Saturday, August 15th will forever be memorable for me, since it’s the sweatiest I’ve ever in my life.
I spent the better portion of that day volunteering at the GWAR-B-Q, an annual music festival in Richmond, VA where the great unwashed fill Hadad's Lake with sweat, beer, and fake blood as a variety of punk and metal bands (headlined by GWAR, of course) play on three stages. It's a mix between the Maryland State Fair and the Chronicles of Gor, and it was immensely fun.
My job was to wear a weird/gross costume as part of the Q's Crypt of Chaos, a GWAR-themed haunted house where their sun-blind, day-drunk fans could interact directly with some of GWAR's most notable characters, including Nazi Pope, Hellcop, and Mutavore. This opportunity came about because someone in the GWAR camp was made aware of the Baltimore Rock Opera Society (or BROS), of which I’m a proud member, and reached out to us for volunteers. I jumped on this opportunity, and for good reason; it's not every day that GWAR asks me to dress like a freak and troll complete strangers.
I don't know what the crossover audience is between Splice readers and GWAR fans, but for those in the dark, GWAR is a ridiculous heavy metal band known for performing in grotesquely elaborate rubber/foam/latex costumes. The band portrays itself as a troupe of intergalactic barbarians who were banished to Earth, where they are constantly attacked by their many enemies (aka the band members' friends, also dressed in weird costumes), including cyborgs, dinosaurs, and hideous giants. Their live shows are glorious celebrations of commedia dell'arte, Jacobean theatre, and Paris' legendary Grand Guignol, full of gory monster battles that spray the audience with gallons of fake blood, intestinal gunk, semen, and other bodily fluids. When they're feeling especially puckish, the band mutilates effigies of celebrities, political/historical figures, and social archetypes on stage as well.
The band itself is in an interesting position, since their original lead singer died last year, and their decision to continue on with new vocalists (one of whom gave a TED Talk, believe it or not) has met with some criticism. The idea that the band is not a fixed entity as much as a continuing mythology with a revolving cast of characters is ultimately what keeps them going.

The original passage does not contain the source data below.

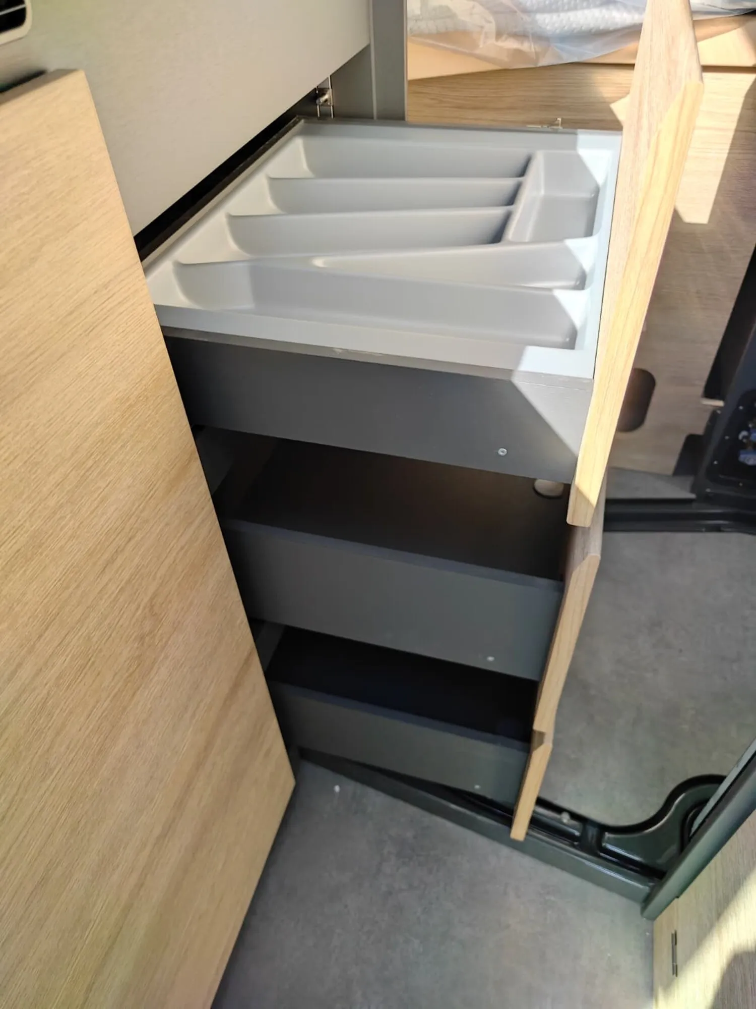 - Elektro Paket (Zusätzliche Doppel-USB-Steckdose im Bug links, 12-V-Steckdose im Heckbereich links unten, 230-V-Steckdose im Oberschrank Bug links (Sitzgruppe), Indirekte Beleuchtung, LED-Lichtröhre in der Küche, Vorbereitung Solarmodule)
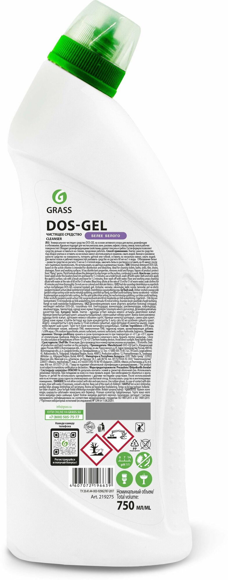 Универсальный чистящий гель "DOS GEL" (флакон 750 мл) Grass 219275
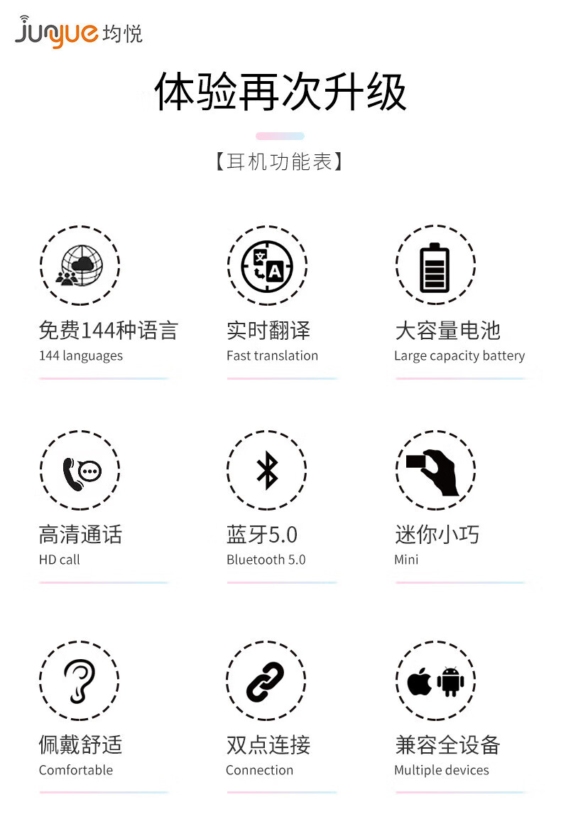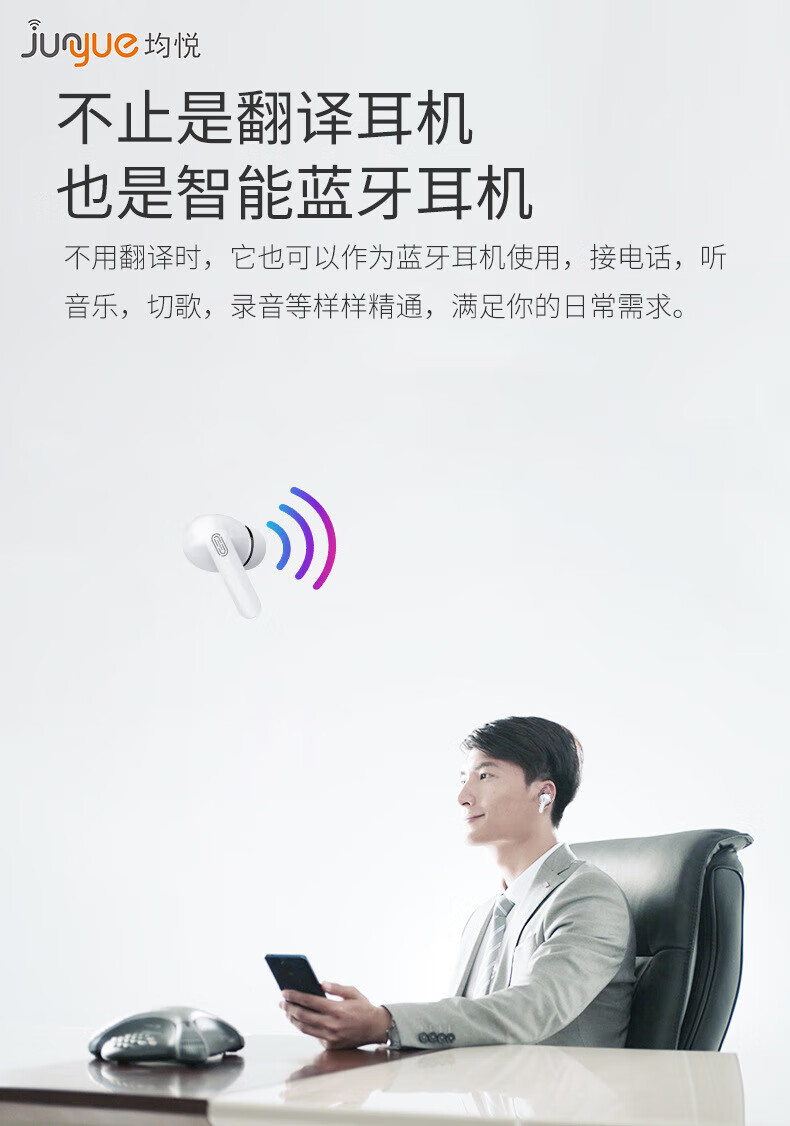 Huawei machine is suitable for multi-language intelligent translation machine AI voice translation Chinese and English in-ear offline conference headphones clip-on white + 145 language translation

The same can be said for Slave Pit Inc., the Richmond-based arts collective and effects studio created specifically for GWAR. They make every costume, puppet, and blood-squirting prop in the band's arsenal, book their tours, produce their movies, and release their albums. They've been dedicated to this absurdity since the mid-1980s, and hit their 30th anniversary not long ago.
Don't let any of this reverence give you the idea that I'm a longtime GWAR fan, though. I wish that I was, and definitely knew about them as a teenager, but they were only a peripheral interest until a couple of years ago. Feeling the need to do some research before I showed up to their party, I listened to a lot of GWAR, if only to increase the odds that I heard something familiar when I saw them live. Not recognizing anything in a band's live set is awkward enough without being surrounded by thousands of diehards who know exactly when to fist-pump.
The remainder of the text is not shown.